**Data supplied**
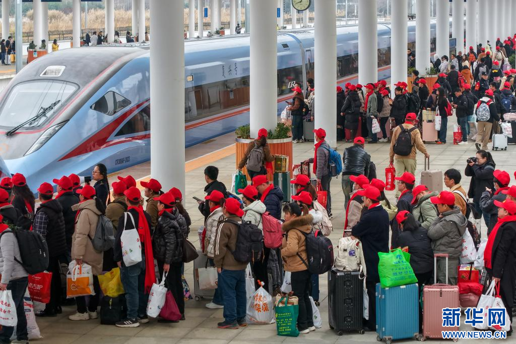 务工专列乘客在云南省广南县站登车(无人机照片)。新华社记者 彭奕凯 摄
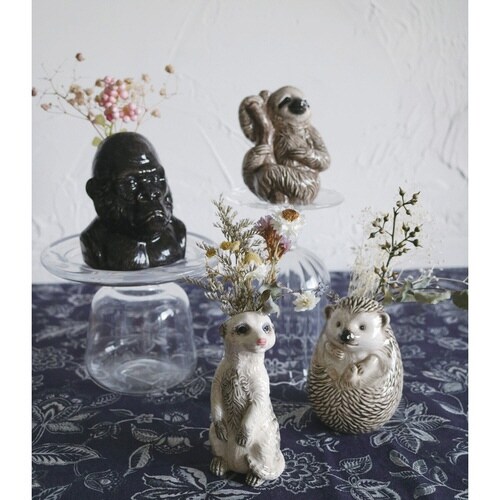 個性豊かな動物のフラワーベースです。 ドライフラワーや生花を入れることが出来ます。 ペン立てやディフューザーとしても使えます。 |
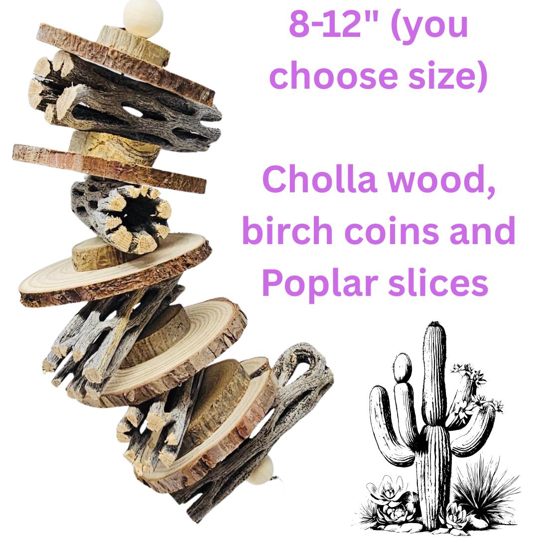 "Hanging chew toy made out 3 different woods! Great way to keep them entertained :) Poplar Wood...
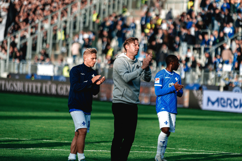 The renewed interaction between fans and team. Something that has been cemented ever since the away appearance in Karlsruhe and the convincing home win against Köln in a special Bölle atmosphere. This is also a reason why SV Darmstadt 98 has been unbeaten for three league games in a row. The duel against the second division newcomer from Ulm was a complicated game, and not just for the blue and white protagonists on the pitch. The Darmstadt masses in the stands also had to remain patient while SV 98 tried to find the hardly any space available against a compact opponent. And yet, at least at times, they once again turned the Merck Stadium at Böllenfalltor into a “cauldron,” as even Ulm coach Thomas Wörle said. The Lilies fans from all corners of the stadium repeatedly pushed their team forward. “Everyone was there until the last seconds and everyone was behind us,” praised Kohfeldt and added, confident of victory: “I am sure that we will pull such games together in our direction in the future.”
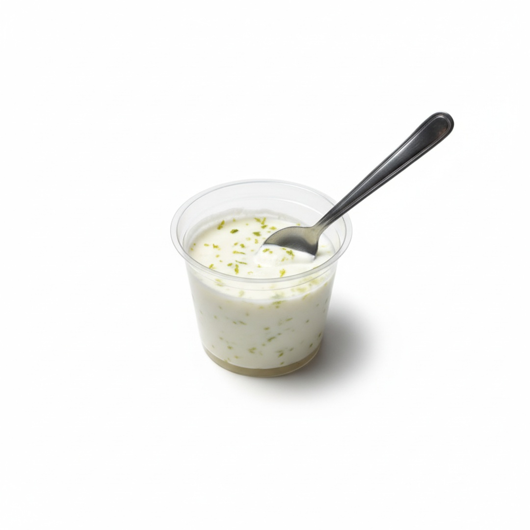 16 anéis de lula empanada e frita, e molho tonkatsu.
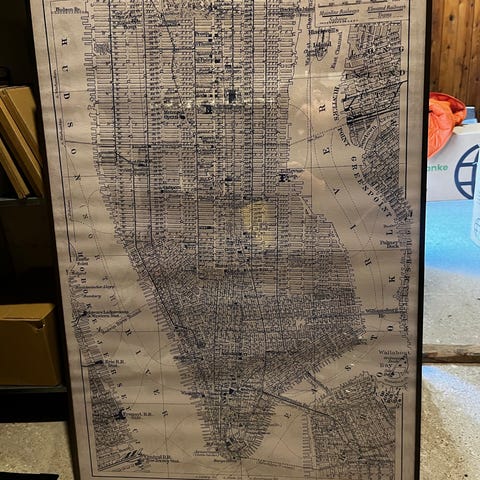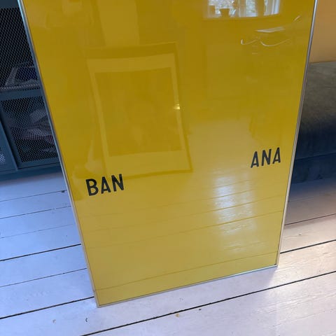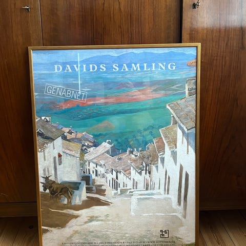 Stor Old Trafford plakat i mørk egetræs ramme.
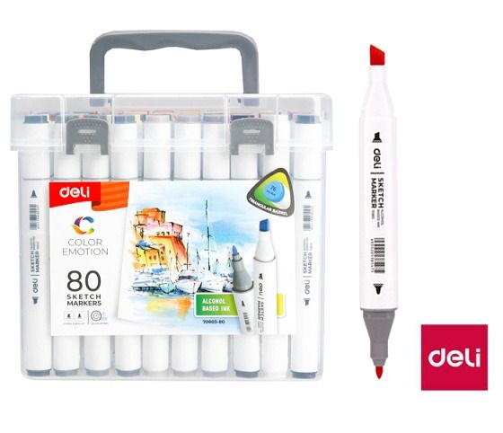 Popisovač skicovací oboustranný Color Emotion 80 barev DELI E70803-80
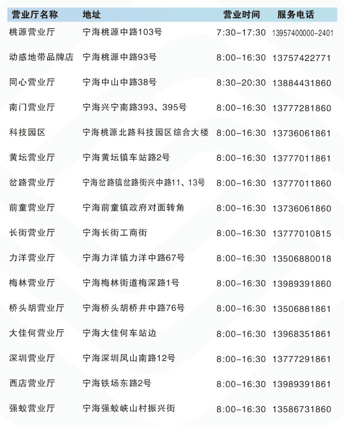 營業(yè)廳地址
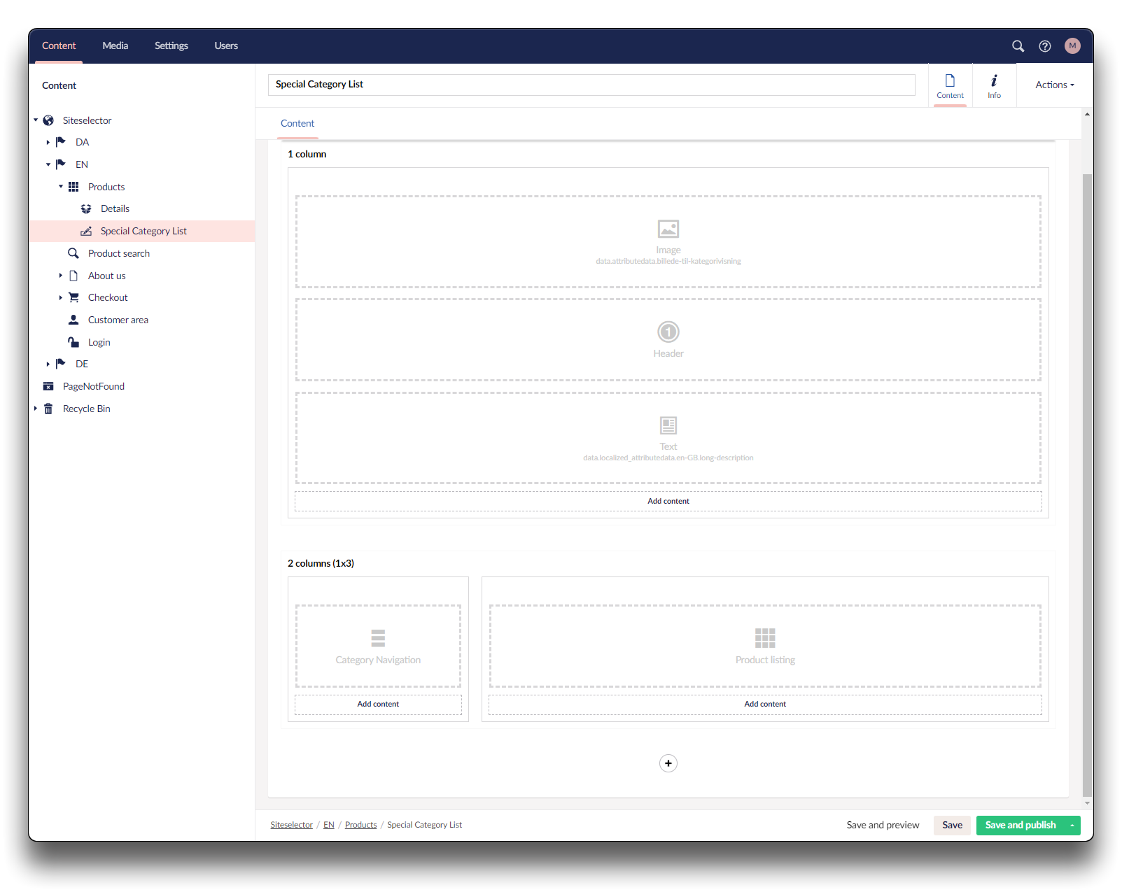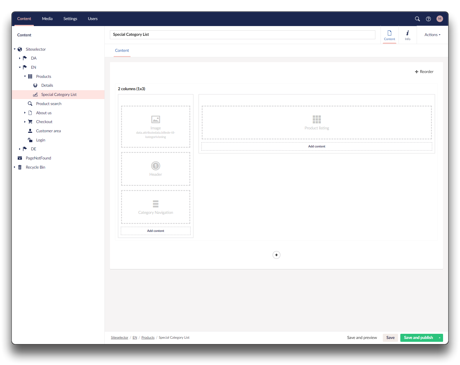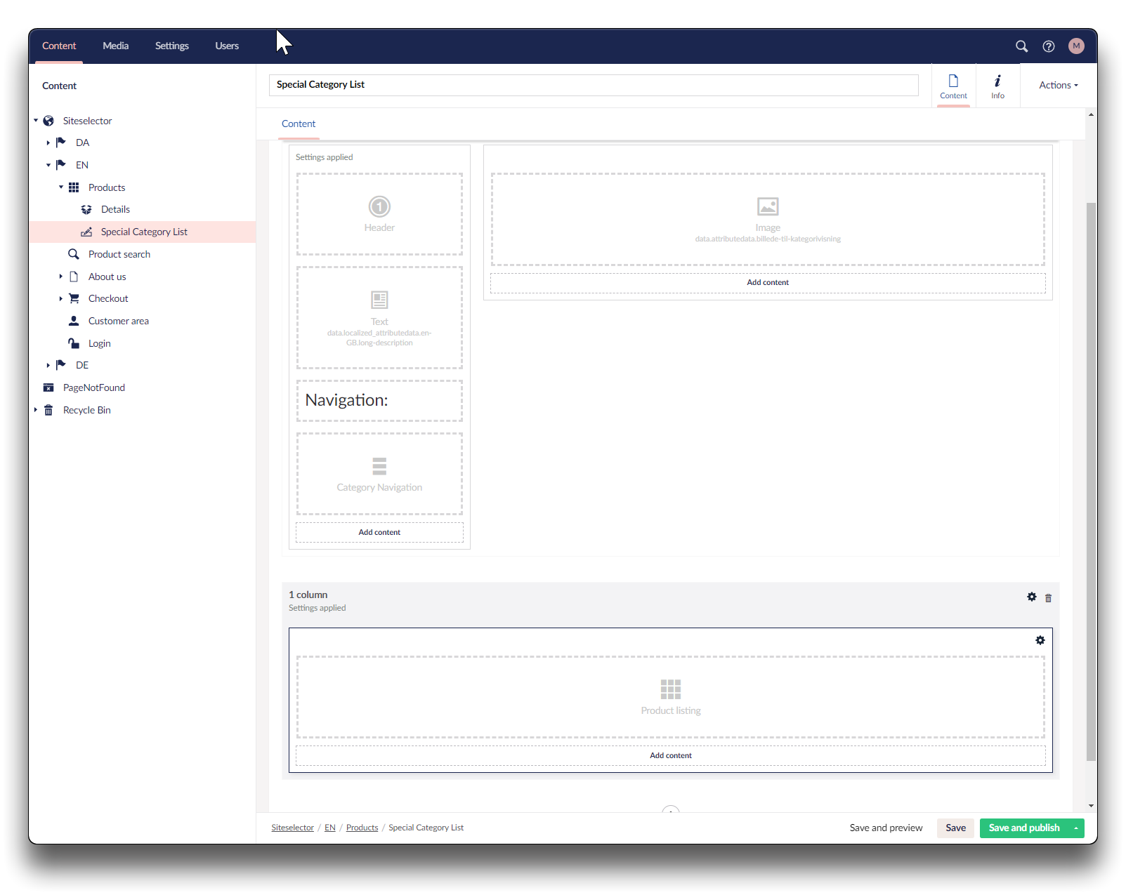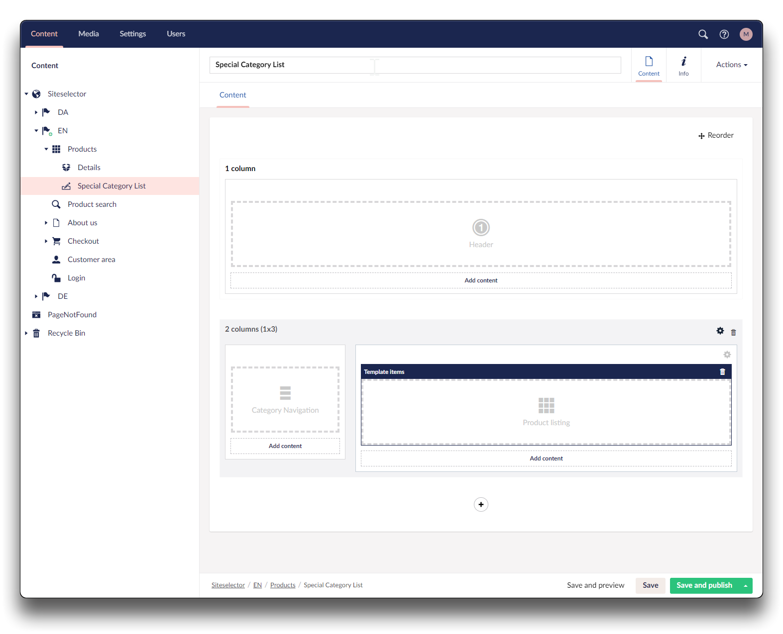 As shown in step 4, the template now contains a headline (name of the category) in the top, and a divided row with Category navigation to the left, and product-listing to the right.
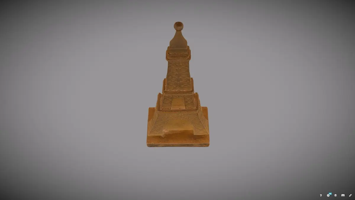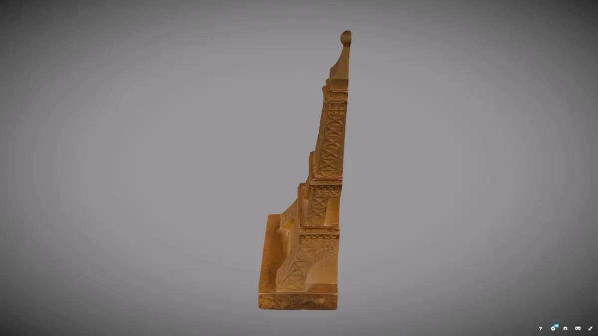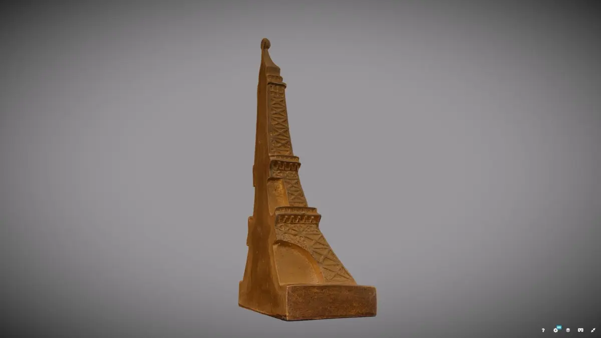 Photo-real, unlit, texturized model of a Gold Eiffel Tower Bookend. This object was generated using photogrammetry with a DSLR camera and images edited in Light Room, compiled in Reality Capture, and re-topologized in Insta-Mesh. The mesh is edited in Agisoft, and model retextured in Reality Capture.
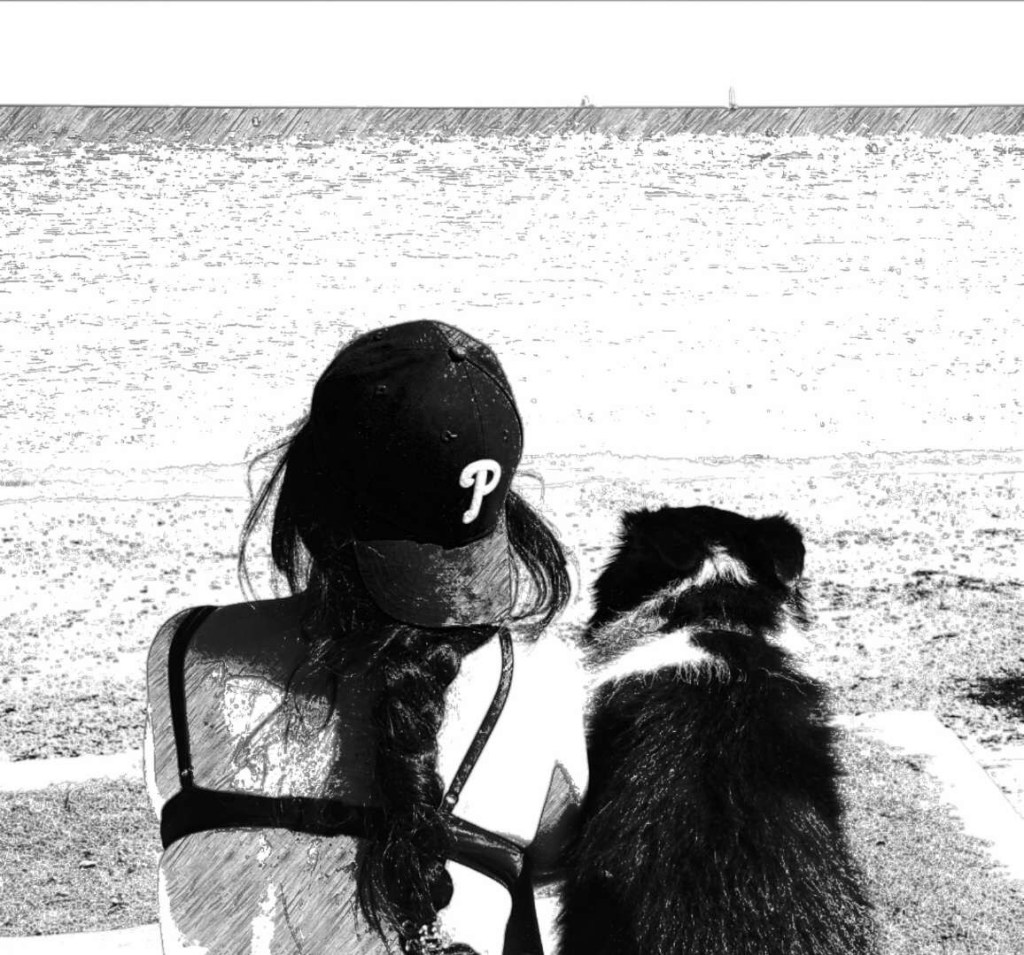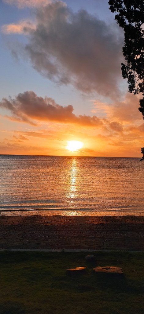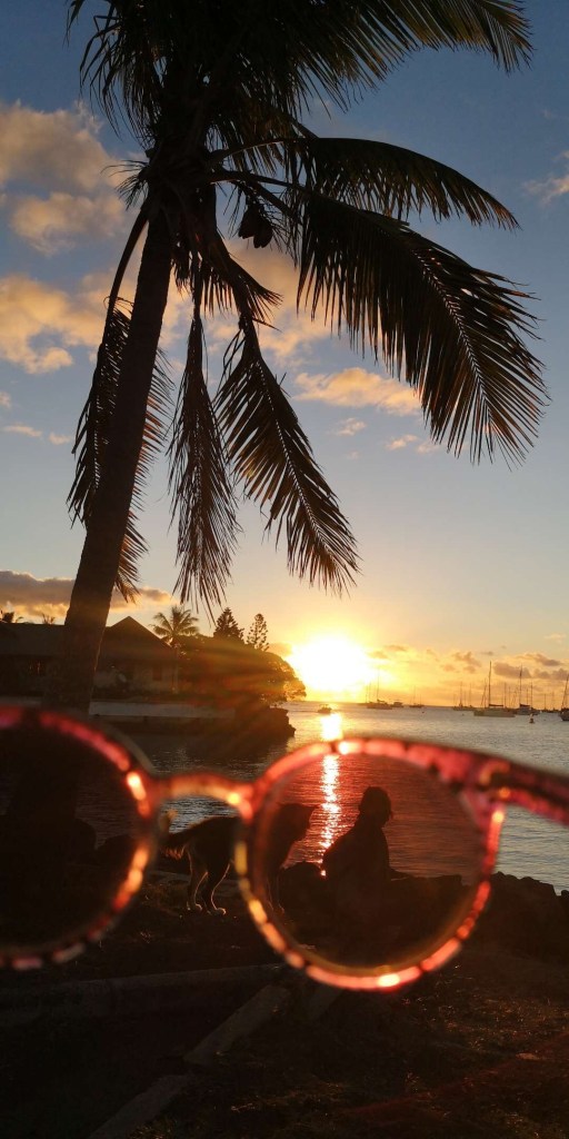 Ici, avec le décalage horaire, le foot se regarde tôt le matin avec un cafè 😅Les petits moments plage entre filles mais toujours en compagnie de Bobby !Petite pose avec sa tata 😄Et tjs les fabuleux SunsetS !

**Task description**
Where a picture appears, omit it; otherwise reproduce each line above from the first to the one with "entertained :) Poplar Wood...", inclusive.

**Answer box**
 务工专列乘客在云南省广南县站登车(无人机照片)。新华社记者 彭奕凯 摄
 個性豊かな動物のフラワーベースです。 ドライフラワーや生花を入れることが出来ます。 ペン立てやディフューザーとしても使えます。 |
 "Hanging chew toy made out 3 different woods! Great way to keep them entertained :) Poplar Wood...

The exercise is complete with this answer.